Around this same time, something else shifted. I'd grown up on the Dead and the Allman Brothers, on Derek Trucks bending notes until they cried, on the idea that a song isn't a fixed thing but a living conversation that's different every night. Now I was old enough to chase that myself. The organ became my way in — a Hammond doesn't politely accompany. It growls, it swells, it drives a band forward. Rock and roll, Southern soul, psychedelic improvisation — it all ran through the same instrument, and it connected every thread I'd been following since I was a kid sitting in a dark jazz club not understanding why the music made me feel so much. The jazz discipline gave me the vocabulary. The rock and jam band world gave me the reason to use it.

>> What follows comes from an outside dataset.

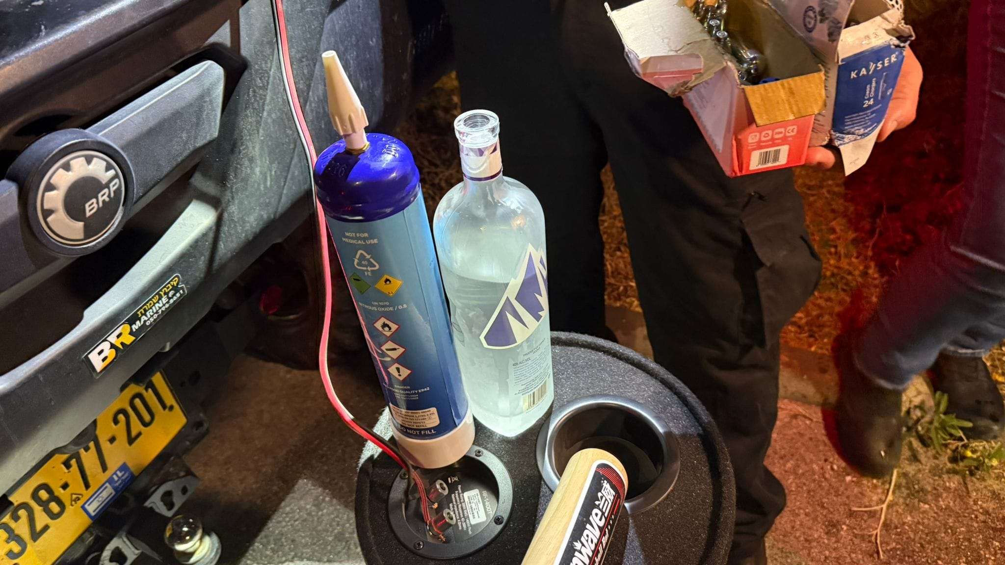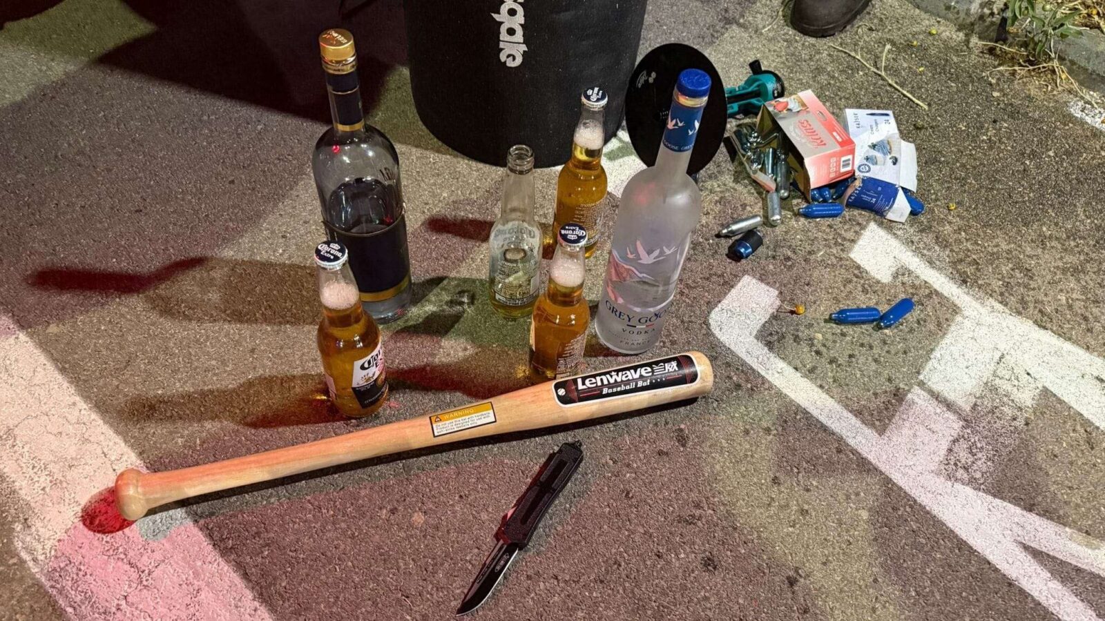 ציוד לחימה שנתפס ובהם אלה, סכין, אלכוהול ובלוני גז שהוחרמו. צילום: ראובן כהן, דוברות העירייה.

That road eventually led me to Arcata, and the moment I got here I understood why. This is a town built on live music, on community, on the belief that art isn't decoration — it's how people find each other. I'm the keys and organ player for the Bella Rayne Band along with a variety of other projects. I also play solo gigs and private events around Humboldt County, do studio work, and teach young musicians how to speak to each other. I'm building a life here that feels like the one I was raised for. I invite you to join me on the next stage of my life’s great adventure.